Vector is the first employer in NZ awarded with the Accessibility Tick for its D&I efforts

How can HR help people with disabilities?

The electricity and gas distribution company Vector has been announced as the first employer awarded with new Accessibility Tick in New Zealand.

The Accessibility Tick is a new programme aimed to help employers create a more accessible and inclusive New Zealand for people with disabilities.

The steps Vector has taken to encourage a more accessible workplace include: integrating accessibility into their Health and Safety protocols; senior managers attending unconscious bias training; and changes to their recruitment processes and the way vacancies are advertised to encourage those with disabilities to consider Vector as a workplace.

Vector’s chief risk officer, Kate Beddoe, said diverse, inclusive, and accessible workplaces are “win-win situations”, as employees feel valued and accommodated, which boosts productivity, raises morale, and results in a more successful business.

“Making our workplace even more welcoming will benefit these employees and means we can also tap into a talented pool of prospective employees,” said Beddoe.

“Being awarded the Accessibility Tick, alongside our Rainbow Tick and accreditation as the only large corporate business in New Zealand committed to the Living Wage, demonstrates Vector’s commitment to providing an accessible and equitable workplace for everyone.”

Accessibility Tick programme lead, Tanya Colvin, congratulated Vector for its commitment to accessibility, and for its willingness to get involved at an early stage to co-design a programme that will resonate with the business community.

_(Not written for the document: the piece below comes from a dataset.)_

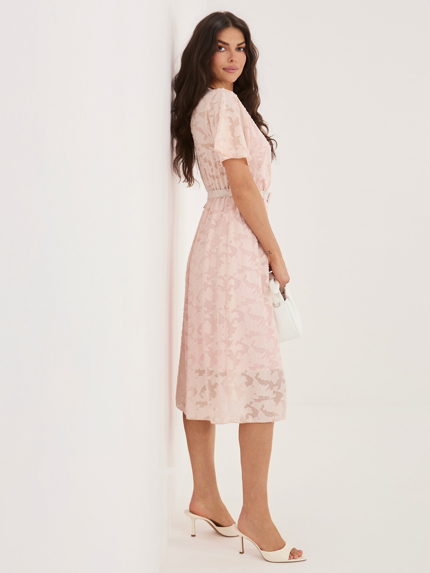 Mini suknelė su išraiškinga apykakle ir pūstomis rankovėmis "ARABELLA" šviesi rožinė - S/M/L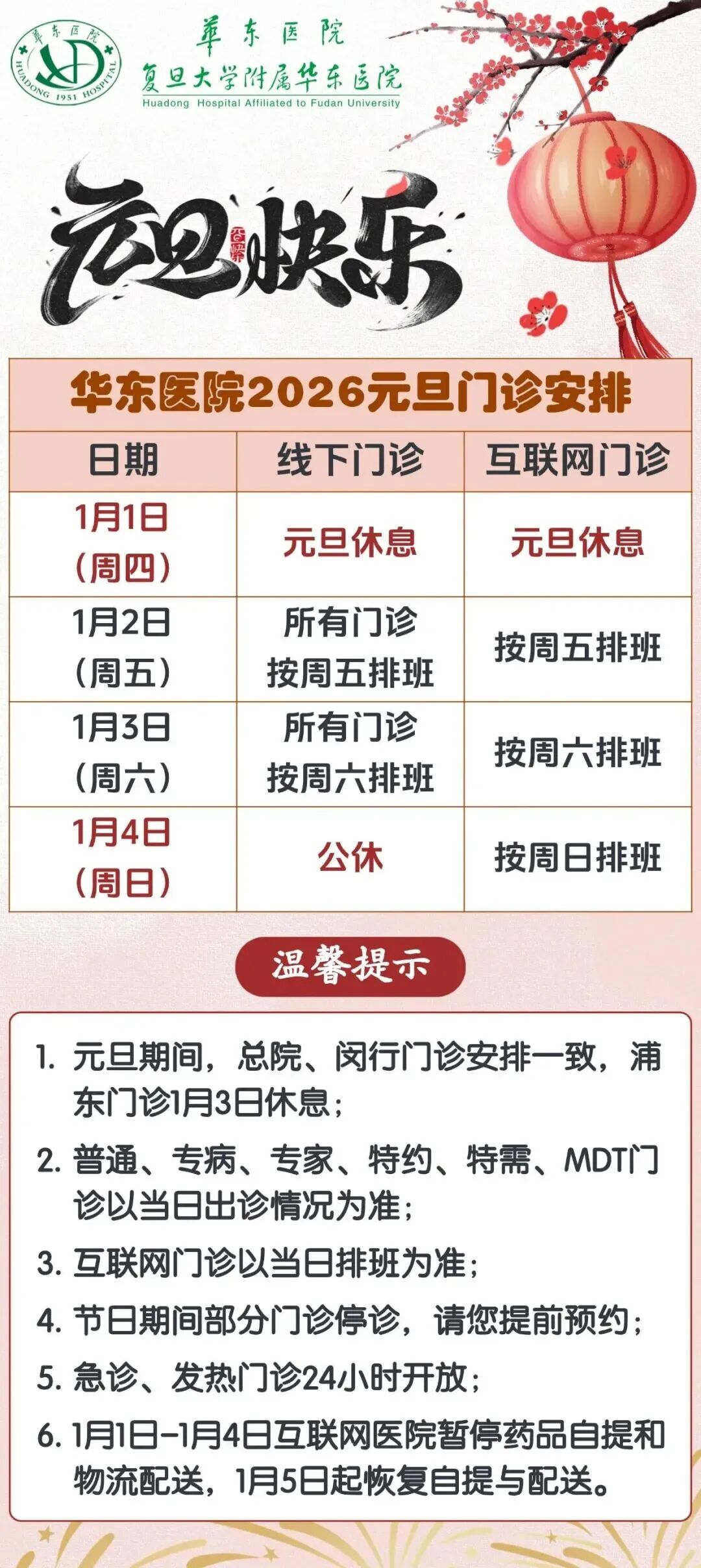 復旦大學附屬華山醫(yī)院:元旦期間各院區(qū)線下門診按指定時間開放,互聯(lián)網(wǎng)醫(yī)院24小時提供服務。

Colvin said that while there has been great appetite from New Zealand employers to be inclusive of people with disabilities for some time, the missing piece for many has been the ‘how’.

“We know employers see the value in fostering a diverse and inclusive workplace. We have seen them tackle inequities in areas such as gender and demonstrate their commitment to the LGBTTI community through the Rainbow Tick,” said Colvin.

“Meanwhile the roadmap to accessibility has not been all that clear, so we are pleased to be helping employers take it out of the ‘too hard’ basket with the Accessibility Tick programme.

“The Tick provides them with the structure, tools and support to implement an action plan where they are committed to taking meaningful steps towards accessibility and inclusion through policy, culture and environmental changes.”

Moreover, The Blind Foundation is a lead partner in the Accessibility Tick programme, which has grown from the organisation’s insight that a pan-disability initiative was needed to create systemic change supporting employment of people with disabilities.

Blind Foundation spokesperson Norman Evans said the organisation supports clients through its employment support service and while that has fostered many individual success stories, it is “only a drop in the ocean” in creating meaningful change for employment of people with disabilities.

“New Zealanders with disabilities are three times less likely to be employed than their non-disabled peers. Over more than 15 years, we haven’t moved the dial significantly in bridging that gap,” said Evans.

“The Accessibility Tick programme turns the traditional approach on its head, highlighting that the problem isn’t about people with disabilities – it’s about how workplaces are setup to include them.”